• [What is expected]: Quote all of the data exactly as given. Skip every picture it contains.

• [Material provided]:
-- Opening Marker --

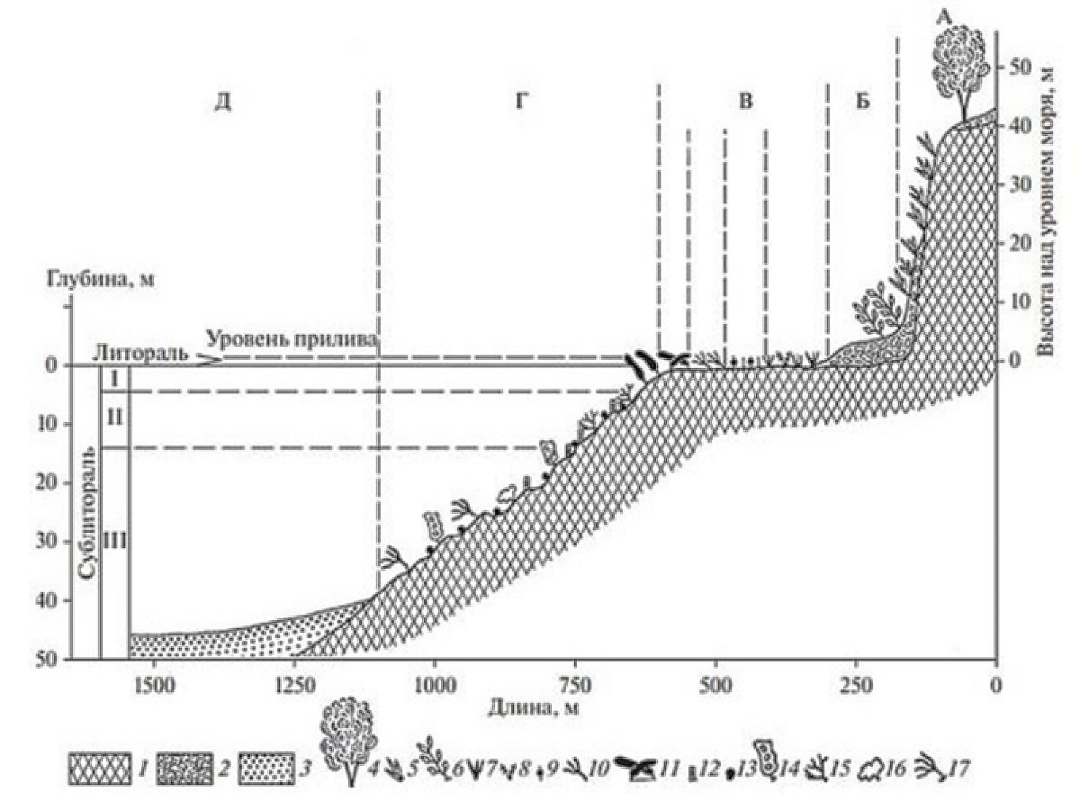 Элементы рельефа: отмерший клиф (А), аккумулятивная терраса (Б), литораль (каменистая осушка) (В), сублитораль: пояс скал (Г), песчаная отсыпь (Д). Подразделения сублиторали: верхний этаж (I), средний этаж (II), нижний этаж (III).
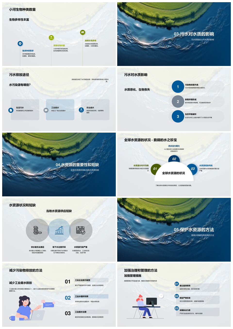风云办公提供的守护小河水资源维护生态命脉PPT模板,下载格式为pptx,一共19页,作品中文字及图均可以修改和编辑,图片更改请在作品中右键图片并更换,文字修改请直接点击文字进行修改。
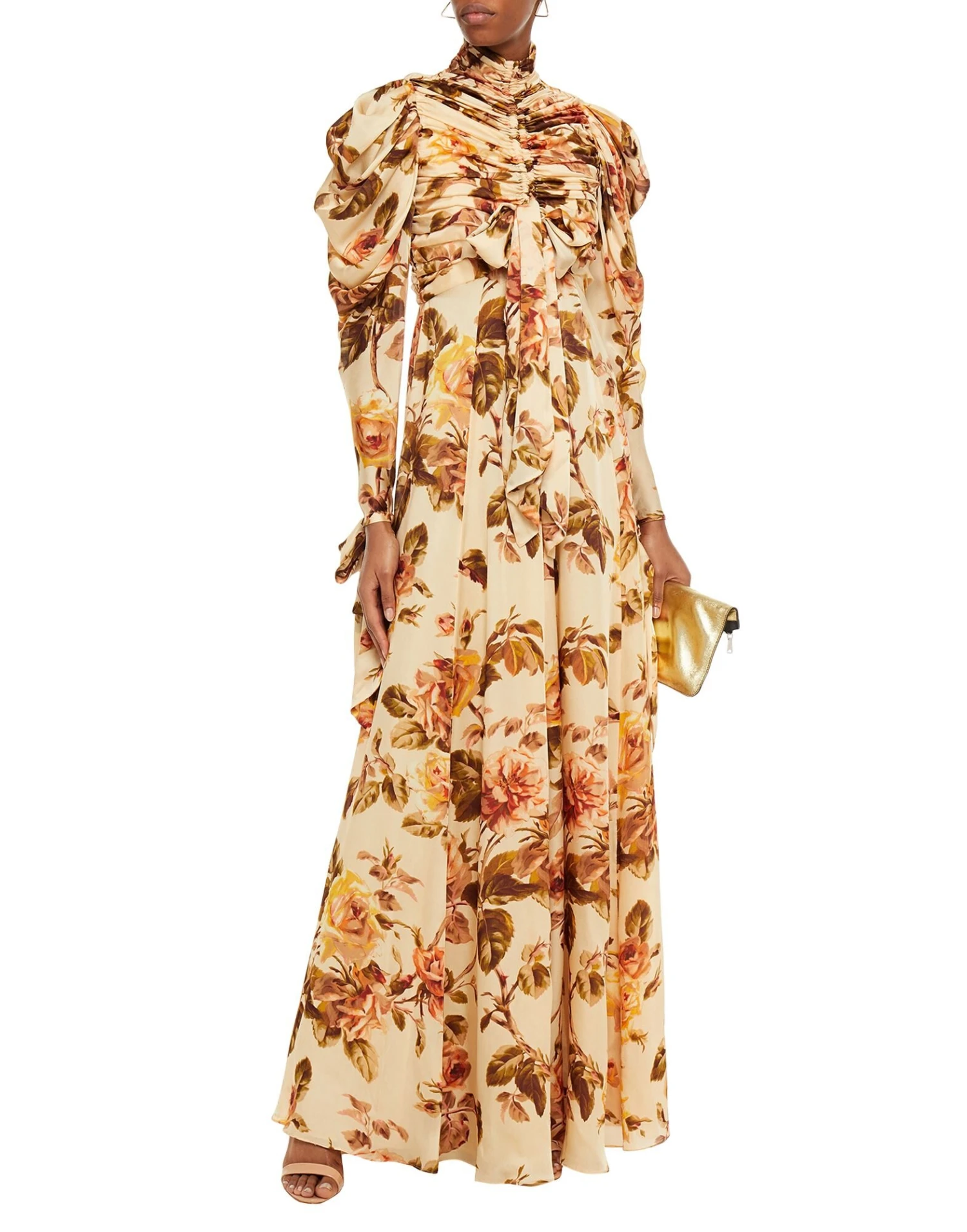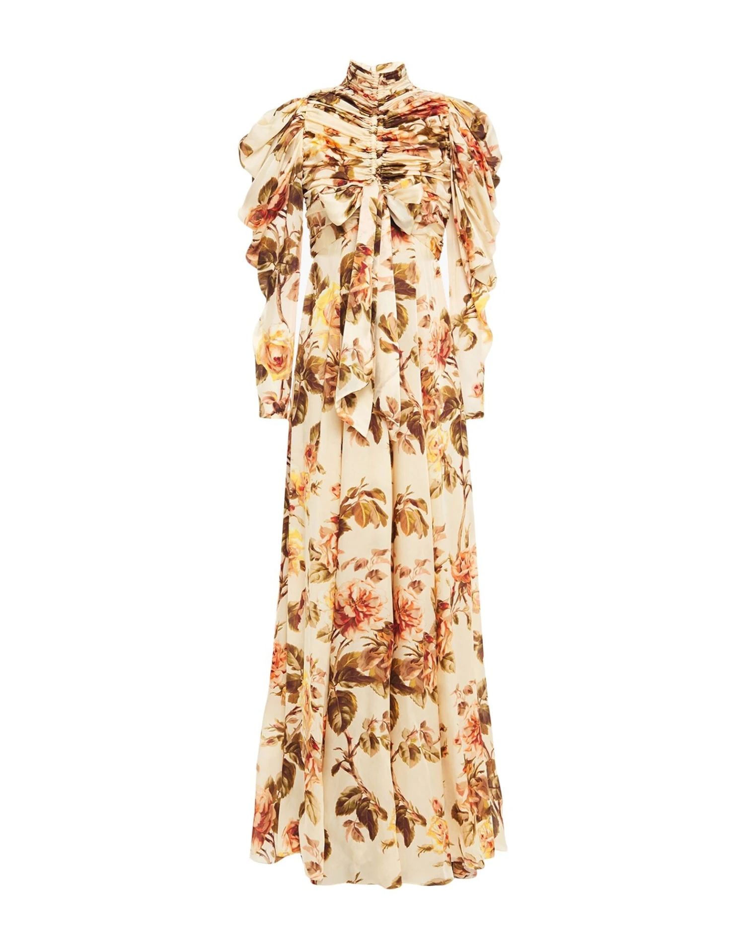raso, arricciature, fantasia floreale, collo alto, maniche lunghe, interno foderato, zip, senza tasche, modello a trapezio

-- Closing Marker --

• [Solved problem]:
 Элементы рельефа: отмерший клиф (А), аккумулятивная терраса (Б), литораль (каменистая осушка) (В), сублитораль: пояс скал (Г), песчаная отсыпь (Д). Подразделения сублиторали: верхний этаж (I), средний этаж (II), нижний этаж (III).
风云办公提供的守护小河水资源维护生态命脉PPT模板,下载格式为pptx,一共19页,作品中文字及图均可以修改和编辑,图片更改请在作品中右键图片并更换,文字修改请直接点击文字进行修改。
raso, arricciature, fantasia floreale, collo alto, maniche lunghe, interno foderato, zip, senza tasche, modello a trapezio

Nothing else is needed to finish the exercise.